▸ **Brief**
Starting at the line that contains "Las imágenes de", transcribe each line exactly through the end of the data below, and skip any pictures.

START Input for this task

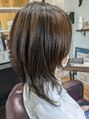 レイヤーたっぷりミディアムヘア。毛先だけワンカールしています
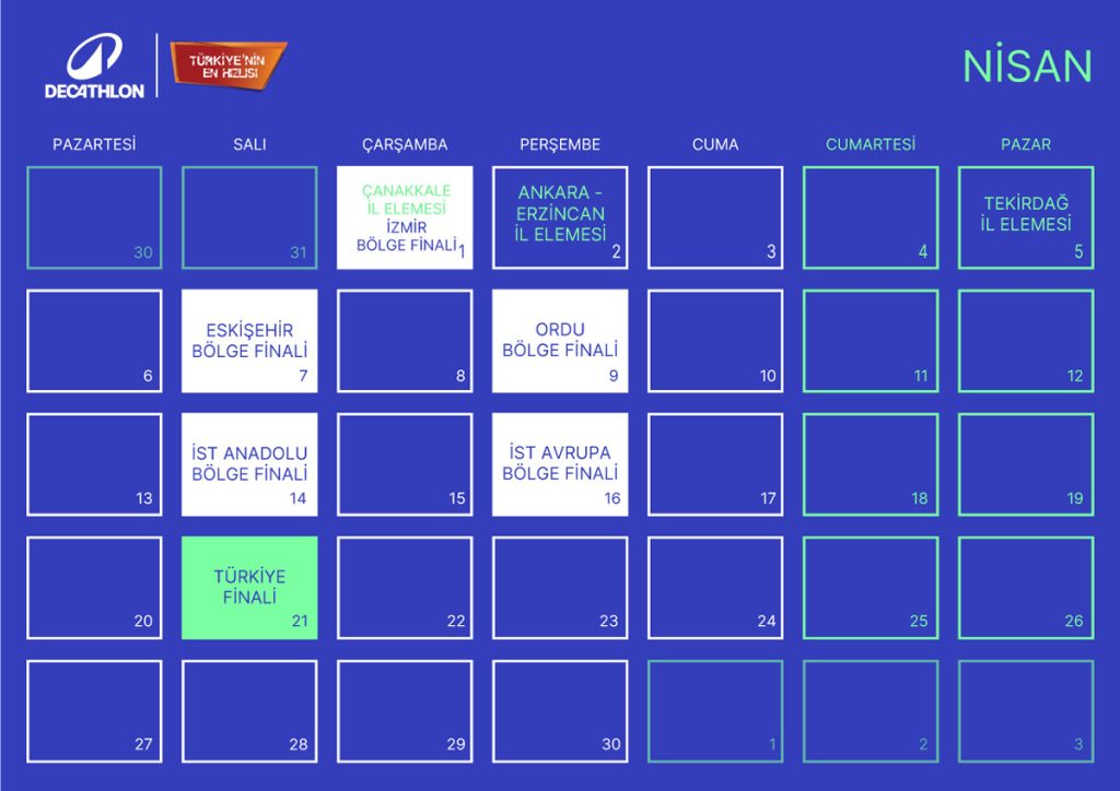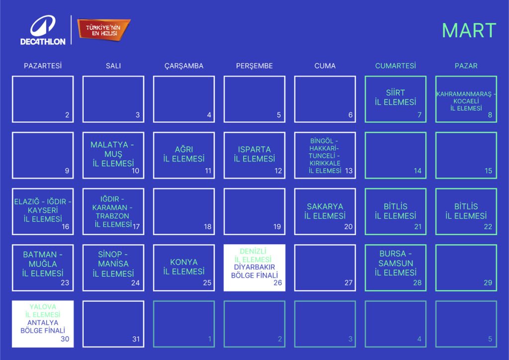 DECATHLON TÜRKİYE’NİN EN HIZLISI 2026 yılı yarışma takvimine ulaşabilirsiniz.
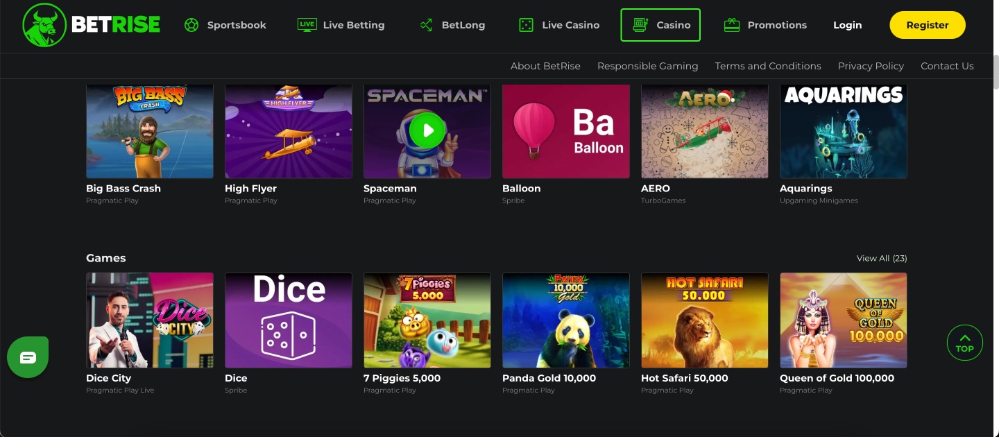 BetRise Casino offers thousands of slots from providers like Pragmatic Play and NetEnt, alongside classic table games such as blackjack and roulette. Live casino features Evolution-powered tables for real-time blackjack, roulette, and game shows. The sportsbook adds sports betting options beyond pure casino play.
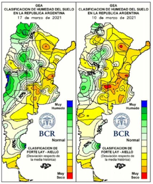 Las imágenes de la anomalía de reserva de agua en el suelo de hoy, miércoles 17 de marzo, y la de hace solo siete días atrás son contundentes y muestran el cambio favorable de escenario.
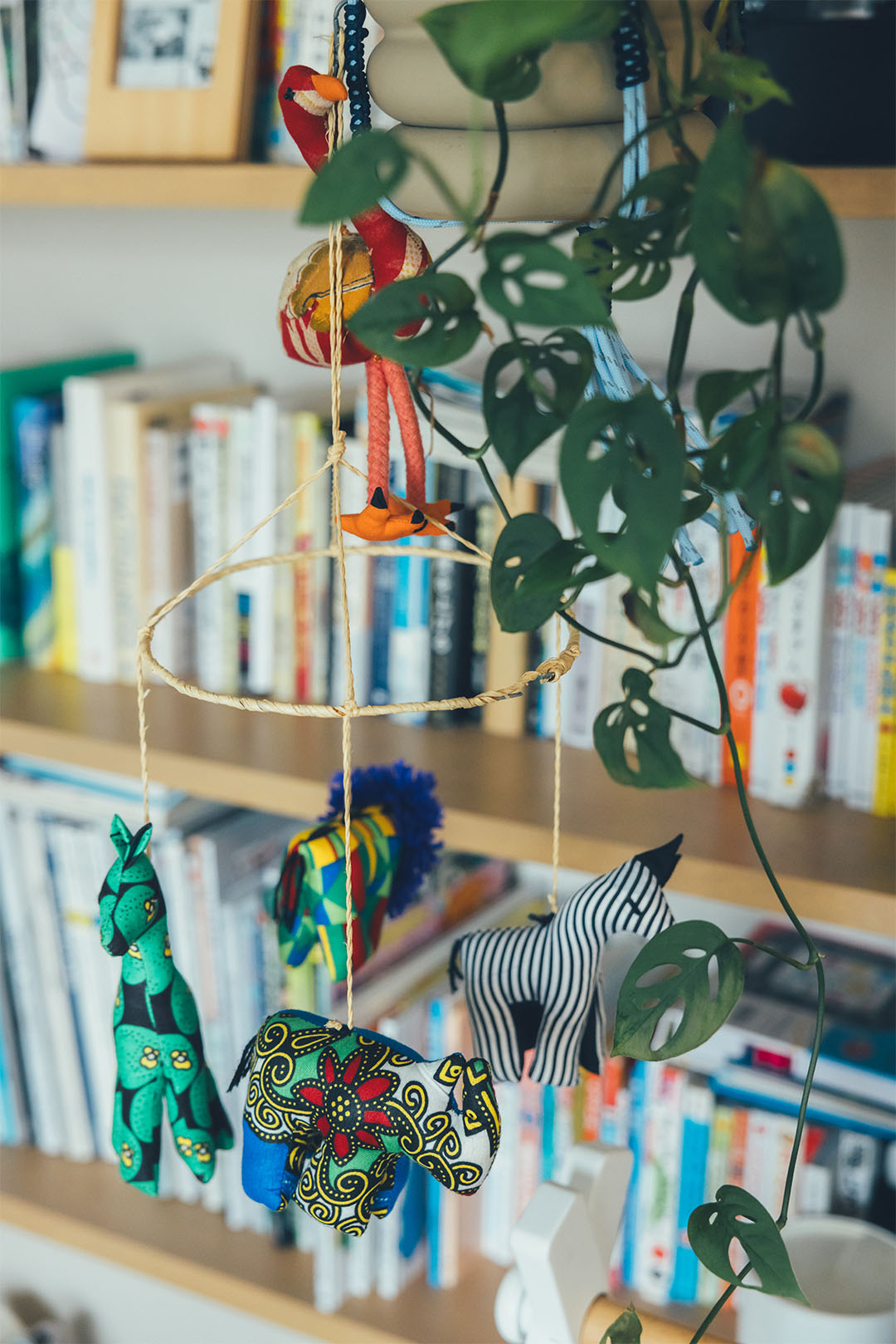 偶然お店で見つけたアフリカ雑貨のつるし飾り。「メリーではないのですが、カラフルな色使いなので、赤ちゃんの頃は息子が反応していました」(木綿さん)

END Input for this task

▸ **Worked solution**
 Las imágenes de la anomalía de reserva de agua en el suelo de hoy, miércoles 17 de marzo, y la de hace solo siete días atrás son contundentes y muestran el cambio favorable de escenario.
 偶然お店で見つけたアフリカ雑貨のつるし飾り。「メリーではないのですが、カラフルな色使いなので、赤ちゃんの頃は息子が反応していました」(木綿さん)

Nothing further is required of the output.